Is it possible to deny changing a file's contents even when booting from a LiveCD?
 

Hi,

I am using /etc/security/time.conf to deny a certain user access based on the time of day. This user, however, has knowledge enough to boot the system using a LiveCD, mounting the partition where time.conf resides, and changing it to allow him to login. I a8.m aware that this is a strange circumstance, but it's actually for real. Is there any way to deny changing a file even if the partition is mounted from another distribution (e.g. a LiveCD).

Thanks.

I am using Ubuntu 8.04.

Hi, if the person isn't enough computer savvy to modify file permissions, you might try to remove the "write" permission from the file alltogether. Another option would be filesystem encryption, but I have no experience with it. From what I understand, you can encrypt just one file,one directory, or the whole partition.

serafean

Disable booting from CD in the BIOS, and password-protect the BIOS?

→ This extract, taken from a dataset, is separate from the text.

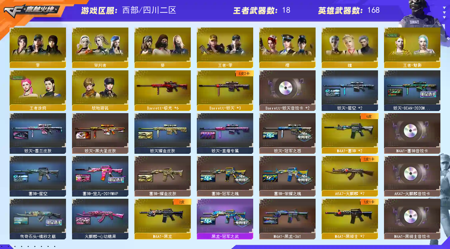 西部高端天花板号 168V可排🔥传说灵眸+幻神两皮+幻神宠儿/N9皮+传说暗裔+星神三件套🔥破竹AG冠军横秒荣耀皮+蝴蝶+小钢+小红+全幻灵+USP雷暴【四川二区登录】【炫金稀有顶1V介意者勿租】【恶意投诉、撤单不想玩了租错号了等非帐号问题1律拉黑】【此号已备案请勿以身试法】【开挂必究账号价值超高】详细武器请看下方 【重要套装】幻灵套装/雷霆套装/堕天神套装/夜魔套装/幻灵套/四防角色 【重要角色】_零/_迷迭香/_瞳/_影豹/审判者/_葵/_樱/王者-魅影/王者涂鸦/王者-零/女主播/职业选手/灵狐者-职业经理/铁骑荣耀/卡塔琳娜 【传说武器】传说暗裔/传说灵眸 【英雄武器】_M200-幻神/王者幻神-觉醒版/Barrett-毁灭(3)/Barrett-极光(6)/Barrett-朱雀/barrett-金色蔷薇(5)/Barrett-暗月传说(2)/Kar98K-星神/AWM-天龙(2)/AWM-裁决/王者之力-觉醒版/M4A1-青龙/M4A1-雷神(2)/M4A1-黑龙/M4A1-龙血/M4A1-黑骑士(7)/黑骑士-海王/M4A1-幻灵/王者之势-觉醒版/Scar Light-白虎/白虎之魄-觉醒版/AK12-天启(2)/AK47-火麒麟(7)/AK47-无影(4)/无影-神兵利器/AK47-黑鲨(3)/AK47-黑武士/AK-47-猩红传说(5)/AK47-B-身先士卒/AK47-B-常胜将军/AK47-B-战士(2)/AN94-超新星/QBZ03-天罚/QBZ03-金色蔷薇(2)/王者之心-觉醒版/QBZ-03-王者蔷薇-觉醒版/9A91-烈火(2)/RPK-盘龙(4)/汤姆逊-烈龙(6)/AA-12-雷霆/加特林-炼狱(2)/COP-堕天神(2)/COP 357-幻灵(2)/沙鹰-天神/沙鹰-修罗(5)/破空枪刃-夜魔/USP-雷暴(2)/麒麟刺(2)/麒麟刺-堕天神/龙啸(3)/龙啸-堕天神/王者之啸-觉醒版/擎天/王者之击-觉醒版(2)/屠龙(2)/雷霆之锋(2)/幻灵之锋/王者之锋-觉醒版/马来剑-夜魔/斩神刀-雷暴/高爆手雷-幻灵(2)/高爆手雷-雷暴(4)/高爆手雷-雷霆(3)/高爆手雷-夜魔(4)/高爆手雷-堕天神(5)/烟雾弹-幻灵(3)/烟雾弹-雷暴(4)/烟雾弹-雷霆(3)/烟雾弹-夜魔(4)/烟雾弹-堕天神(5)/闪光弹-幻灵/闪光弹-雷暴(4)/闪光弹-雷霆(3)/闪光弹-夜魔(4)/闪光弹-堕天神(5)/闪光弹-雷霆王者-觉醒版 【王者武器】王者之武/王者之戮/王者之影/王者之势/王者之力/闪光弹-雷霆王者(2) 【小人枪】M4A1-雷神-精英刀锋/雷神-小红/巴雷特-零-水下丽影(2)/炼狱-迷你小钢/斯泰尔-蝴蝶/降世魔童/迷你深渊冰龙/迷你火种(3)/迷你波特博士(5)/高爆手雷-大乔/闪光弹-貂蝉/生化手雷-机甲核心/深渊终结者手雷/灵狐娃娃手雷 【其他重要武器】炫金骑士(3)/炫金武士(3)/炫金火麒麟/炫金毁灭(2)/M4A1-十二生肖·龙-雷神/M4A1-英雄-能量核心/爆炎激光-超越MAX/激光毁灭者III/机甲撕裂者III/冰龙粉碎者-白马银枪(2)/激光毁灭者III-白马银枪(2)/9A91-赤血龙魂(2)/QBZ03-吕布/AK47-B-十周年/AK-103-火线13周年/AK-47-二次元/HK417-赤龙/AK47-QT/56式步枪-梨花/9A91-2017万圣节(2)/M4A1-樱花/AK-12-CFS2017纪念版(2)/AK12-幽灵/M4A1-肯德基/M4A1-电音/9A91-蓝色骑士/AK47-万圣节2018/M4A1-樱(2)/AK47-肯德基/AK47-樱花/黄金AK-47(2)/AK47-狂欢-CFS/M4A1-狂欢-CFS(2)/AK12-枪王排位/AK47-轮回(2)/HK417-赤血龙魂/HK417-红龙/M4A1-破空冰刃/AK47-破空冰刃/M4A1-紫狱(2)/AK47-枪娘/AK47枪王排位II/百城AK47/AK-47-A-波特博士/AK47-雷蛇/AK-47-红龙/M4A1-S-火种(2)/M4A1-秘银赤龙(2)/M4A1-水枪-机甲核心/M4A1-圣诞2021(2)/M4A1-C-海浪/M4A1-战龙/AN94-青花瓷/M14EBR-炎龙/M14EBR-赤血龙魂/M82A1-红龙/巴雷特-绚樱/AWM-卡通/AWM-十周年/AWM-T(4)/Barrett-孔明/Barrett-怒火大圣/M200-万圣节/AWM-圣诞/FN弩炮-CFS2017纪念版/AWM-恶棍-枪王排位/破天狂龙/M200-赤血龙魂(2)/M200-圣诞/黄金AWM/巴雷特-情人节2020/M200-青花瓷/AWM-Red/Barrett-捣乱兔兔(2)/双面神/M200-大黄蜂/AWM-小故障/破天九龙/AWM-银月/M200-落樱/Barrett-炎龙/M200-朋克/M82A1-飞龙在天/M200-萌杀/巨龙咆哮Ⅲ/KAC-耀龙/MG3-翔龙/KAC-赤烛(6)/KAC-情人节2021/阿梅利轻机枪-暗夜风暴/KAC-小动物(3)/EVO III-赤血龙魂/P90-炫彩/斯泰尔-CFS2017纪念版(2)/斯泰尔-巧克力/异变清道夫/EVOIII-机甲核心/CPW-动力-潘多拉/征服者-毁灭之王 [Lv Max]/试炼破坏者III/SPAS-12-雷电核心/COP 357--绚樱(3)/迷彩沙鹰-70KG/新USP-怒火大圣/凤凰之灵/COP 357-青龙/沙鹰-万圣节2018/凤凰之火/Anaconda-炽焰核心(3)/Cop357-赤龙/沙鹰-枪王排位(2)/Anaconda-雷电核心/COP-机甲刑天/新USP-枪王排位奖励(5)/沙鹰-青龙/沙漠之鹰-A-摸金校尉/COP 357-平天大圣/COP357-神秘黑洞/沙漠之鹰-炎龙/蟒蛇-炫彩/MAC-10-幻能朋克/柯尔特-百城/军用铁锹-赤龙/无畏之矛/丛林匕首-卧龙(3)/斩神刀-御龙/雷神之怒-机甲核心/虹光女皇利刃-枪王排位/斩神刀-青帝/魔能镰刀/丛林匕首-枪王排位/闪光弹-枪王排位(4)/胜利奖杯手雷-枪王排位/烟雾弹-机甲核心 【重要武器皮肤】M200-幻神-N9-2022MVP/幻神-宠儿-2021MVP/巴雷特-毁灭-CFPL冠军/白虎-AG-CFPLS20冠军/毁灭-冠军之怒/雷神-冠军之魄/黑骑士-冠军之势/黑龙-冠军之武/修罗-冠军之魂/龙啸-冠军之啸/毁灭-BEAN-2020MVP/毁灭-星空/毁灭耀金皮肤/毁灭-墨兰皮肤/毁灭-直播专属 /毁灭-黑大圣皮肤/AWM-天龙-传奇70KG/AWM-天龙-传奇白鲨/天龙-CFSTAR/星神-破竹皮肤/雷神-宠儿-2019MVP/雷神-荣耀之魄/雷神-耀金皮肤/雷神-星空/黑骑士耀金皮肤/黑骑士-暗月/黑龙-暗月/M4A1-黑龙-361/火麒麟-CFSTAR/火麒麟-AG/火麒麟-心动糖果/传奇石头-横秒之巅/无影-能量核心/AK47-B-常胜将军-孙权/AK47-B-常胜将军-曹操/战神-流金岁月皮肤/战神-紫绶金章皮肤/战神-粉色甜心皮肤/烈龙-星空/修罗耀金皮肤/修罗-CFSTAR/修罗-能量核心/屠龙-荣耀之锋 【重要光效】AK47-黑武士金色光效/Barrett-毁灭金色光效/沙鹰-修罗金色光效/王者之光金色光

No, there isn't. Once you've got to that point, the game is over.

I'm going to suggest the BIOS password as well for this one.

Remove the cdrom and usb from the boot order, as well as network...leaving only the hard drive as a boot point.

Then password protect the BIOS and they should not be able to boot outside the loaded operating system.

You can change the file attributes so that no one can write data on the file time.conf. Hope this may help.

Huh? That doesn't make any sense.

File attributes mean nothing to someone using a live CD to access a drive.